Even the lawnmower has been known to wander to the other side of the house, although the burglars apparently got scared and dropped their loot, because there it was in the shade when I found it a few minutes later.

It’s annoying because after something is taken you spend an inordinate amount of time looking around for the stolen items so that you can continue your project.

Sometimes, you just have to accept the loss and just go buy another one. In fact, that’s often my default position.

Dad always taught us that every home project is the opportunity to acquire new tools.

Especially when the old ones keep wandering off.

The interesting thing to me is that these bandits don’t necessarily stop at tools.

Someone swooped in and swiped a cup of onion out of my kitchen a few days ago, WHILE I WAS IN THERE COOKING.

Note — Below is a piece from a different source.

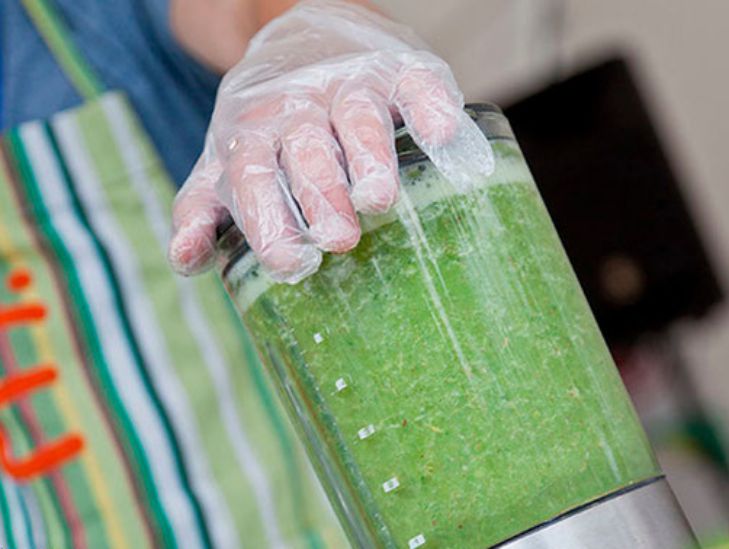 • взбивать на максимальной скорости примерно полторы минуты. Показатель готовности - ярко зелёный цвет коктейля;

Considering the squeaks in our ancient hardwood floors and the fact that the whole house knows if someone has to go to the bathroom at 3 a.m., I figure these guys must be masked ninjas, at the very least. Nobody else could be that light on their feet.

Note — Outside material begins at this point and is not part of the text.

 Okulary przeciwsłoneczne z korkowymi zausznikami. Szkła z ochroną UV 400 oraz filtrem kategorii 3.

20 minutes after the thieves got my onions, I had no choice other than to just concede the loss and chop some more.

It’s not worth the paperwork to report it to the police, either. Those crimes never get the attention they deserve, which is unfortunate because the stolen items often reappear close by. Just a little bit of CSI would go a long ways toward improving constituent satisfaction in our public servants.

In my own case, the onions were snuck back into the living room, right there on top of the piano. I found them two days later when I went to check the mail. A good cop coulda popped right on that, though, and I’da been one happy citizen.

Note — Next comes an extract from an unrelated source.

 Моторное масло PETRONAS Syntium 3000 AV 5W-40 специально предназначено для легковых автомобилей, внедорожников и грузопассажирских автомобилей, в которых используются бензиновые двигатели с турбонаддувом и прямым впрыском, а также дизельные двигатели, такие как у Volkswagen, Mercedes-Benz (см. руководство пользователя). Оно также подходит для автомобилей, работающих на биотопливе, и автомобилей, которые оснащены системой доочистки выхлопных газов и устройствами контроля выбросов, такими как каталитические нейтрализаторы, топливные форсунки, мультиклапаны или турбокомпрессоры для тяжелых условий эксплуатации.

Instead, the living room smells funny and I’m still cussin’ the crooks in our neighborhood and the well-guarded donut shop up the street.

The workings of the criminal mind simply escape me. I have no idea why anyone would steal a cup of chopped onions and then decide to return them to another room in the same house. Even if they left with them, one would think that the street value of chopped onions is hardly worth all that effort.

Maybe that's why they abandoned them.

I hope the lady in the paper finds her goldfish. The paper points out that the tank was not taken, and let’s face it – goldfish aren’t like puppies, they don’t ride well in a backpack or purse. They’re also not likely to wander home on their own.

I’m glad to see that the police are taking the crime seriously, though, and hope that they’ll dedicate some of their budget to unexplained onion and crescent wrench disappearances.

1 comment:

Anonymous said...

Ralph must relate a problem he has also frequently encountered. Though I have reported it to the police they have advised me that it is not a crime. As nothing was removed from my property there is nothing they can do. Being highly inconvenienced is not, I am told, a crime.Even the fact that someone had to trespass on my property to commit these devious deeds seems to not warrant the attention of our civil protectors. What are we paying them for?
I refer, of course, to those malcontents who enter my realm and tie knots in my electric cords and hoses. I am sure they are lurking in the bushes each time I go to use one of them and laughing their butts off at my distress.
Could be the same perp who stole the goldfish on one of their jaunts.
As the police will do nothing about it I will just have to learn to grin and bear it.